Figure 6.. T2D risk variants affect beta cell subtype chromatin activity.

(a) Enrichment of fine-mapped T2D risk variants for cCREs defining the beta-1 and beta-2 subtype. Values represent log odds ratios and 95% confidence intervals. (b) Enrichment of fine-mapped T2D risk variants for cCREs defining the beta-1 and beta-2 subtype bound by each TF, or not bound by any of the listed TFs (‘no TF’). Values represent log odds ratios and 95% confidence intervals. (c) Fine-mapped T2D risk variant rs1617434 at the MPHOSPH9 locus overlaps a cCRE defining the beta-1 subtype. The T2D risk allele of this variant decreases beta-1 chromatin accessibility and disrupts a predicted binding site for HNF4A. The values for allelic imbalance represent the fraction of reads from the risk allele and the 95% confidence interval. On the left is a schematic describing allelic imbalance mapping in reads from the beta-1 subtype. (d) Fine-mapped T2D risk variant rs6813185 at the TMEM154/FBXW7 locus overlaps a cCRE active in both the beta-1 and beta-2 subtype.

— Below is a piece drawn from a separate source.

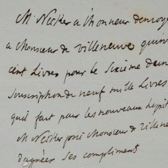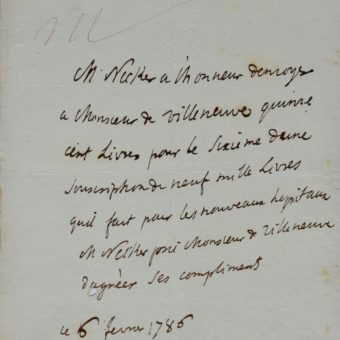 Jacques Necker participe à une souscription pour les « nouveaux hôpitaux »
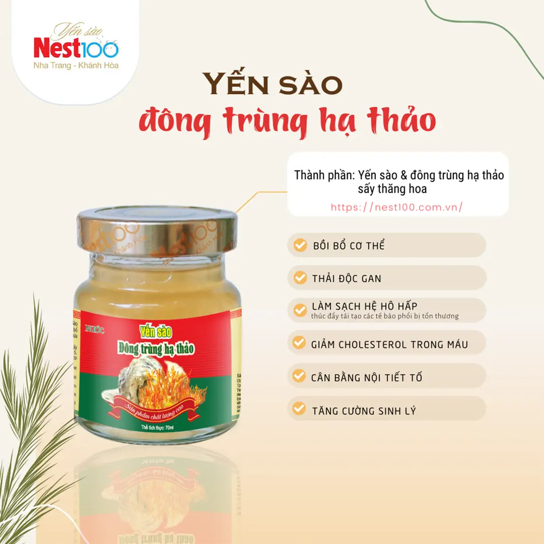Nước, yến sào đã chế biến (10-35%), đông trùng hạ thảo sấy thăng hoa (2500mg/L), đường phèn, chất làm dày (401, 415, 406, 327), chất bảo quản (211), màu tổng hợp (102, 110), hương tổng hợp dùng cho thực phẩm.

This variant has significant heterogeneity in allelic imbalance in beta-2 and beta-2 chromatin accessibility, where the T2D risk allele has larger effect in beta-2 compared to beta-1. The values for allelic imbalance represent the fraction of reads from the risk allele and the 95% confidence interval. On the left is a schematic describing allelic imbalance mapping in reads from the beta-1 and beta-2 subtype. * P<.05. (e) Schematic showing abundance and functional changes of beta cell subtypes during T2D progression. The TFs maintaining beta cell subtype identity as well as TFs mediating T2D-associated changes are shown.